# DIRECTIONS
Go to the line below containing "かわいいフェルト作品のクリア" and print exactly from there through the line containing "Hier c'était sortie", both included. Print nothing else.

# SUPPLIED RECORDS
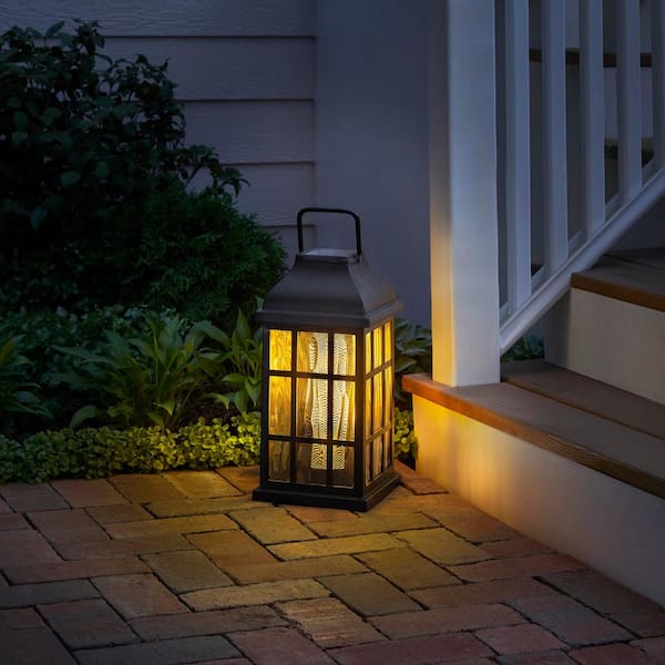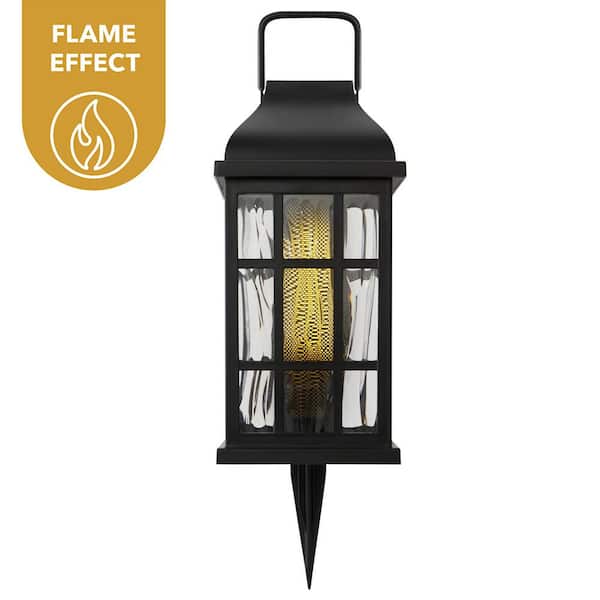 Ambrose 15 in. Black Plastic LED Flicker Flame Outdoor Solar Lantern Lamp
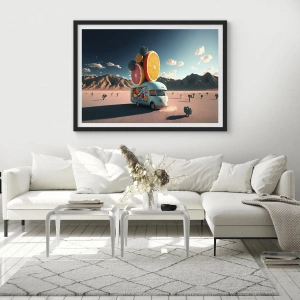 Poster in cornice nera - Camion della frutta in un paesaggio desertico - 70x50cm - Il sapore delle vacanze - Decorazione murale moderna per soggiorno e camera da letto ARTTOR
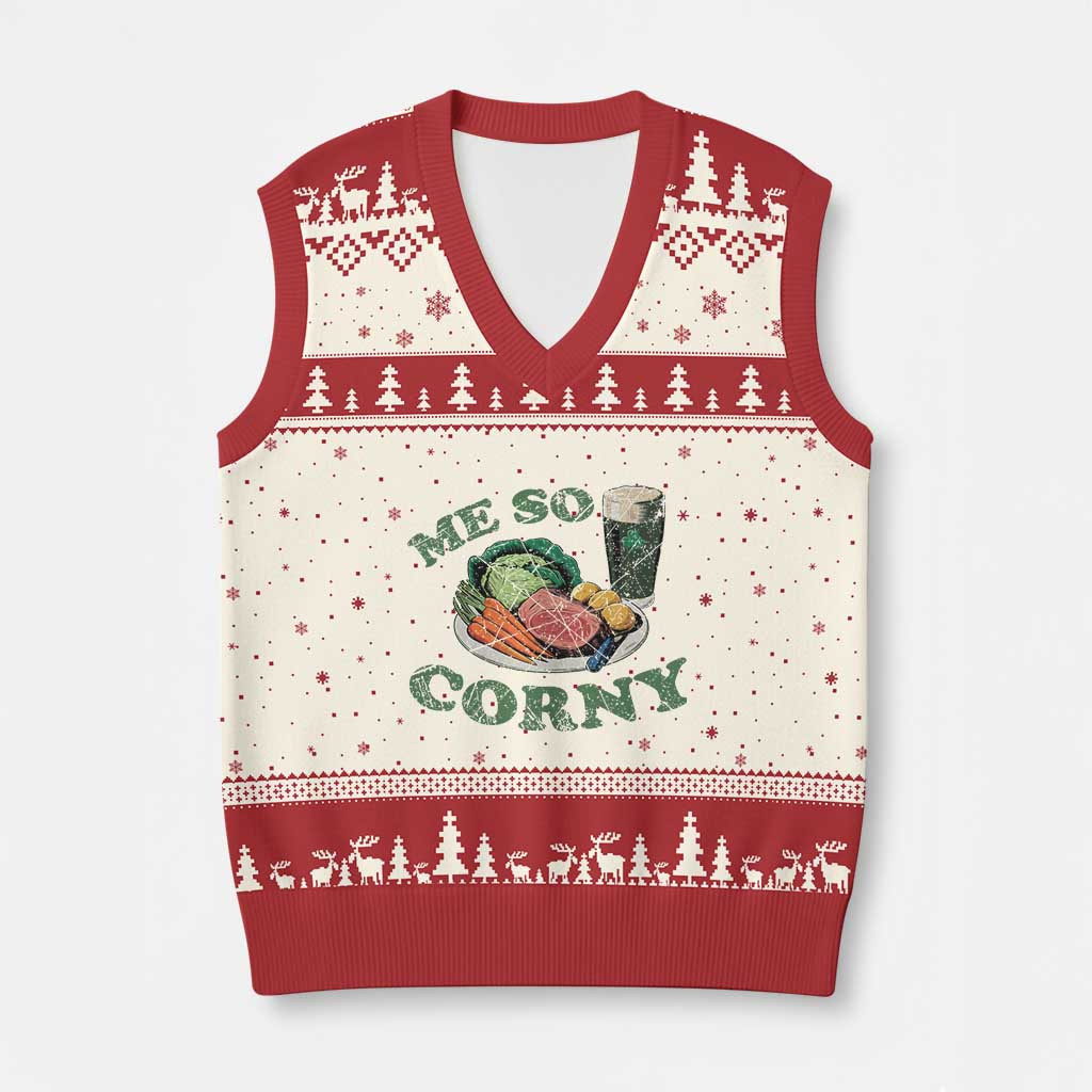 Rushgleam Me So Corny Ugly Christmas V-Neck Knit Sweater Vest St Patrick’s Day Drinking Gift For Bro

---

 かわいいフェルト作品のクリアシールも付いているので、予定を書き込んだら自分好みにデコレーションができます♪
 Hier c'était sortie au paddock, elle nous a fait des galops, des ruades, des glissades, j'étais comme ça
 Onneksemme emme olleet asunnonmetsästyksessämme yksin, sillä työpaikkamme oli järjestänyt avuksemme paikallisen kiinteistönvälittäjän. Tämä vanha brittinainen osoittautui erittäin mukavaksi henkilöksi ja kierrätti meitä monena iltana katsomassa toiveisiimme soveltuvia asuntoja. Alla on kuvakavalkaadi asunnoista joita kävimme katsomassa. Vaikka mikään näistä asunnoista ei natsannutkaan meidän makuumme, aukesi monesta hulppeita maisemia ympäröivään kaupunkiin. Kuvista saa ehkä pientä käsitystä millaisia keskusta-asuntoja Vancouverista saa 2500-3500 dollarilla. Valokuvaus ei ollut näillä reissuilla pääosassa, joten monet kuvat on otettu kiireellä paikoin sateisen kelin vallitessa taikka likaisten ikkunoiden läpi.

# EXERCISE RESPONSE
 かわいいフェルト作品のクリアシールも付いているので、予定を書き込んだら自分好みにデコレーションができます♪
 Hier c'était sortie au paddock, elle nous a fait des galops, des ruades, des glissades, j'étais comme ça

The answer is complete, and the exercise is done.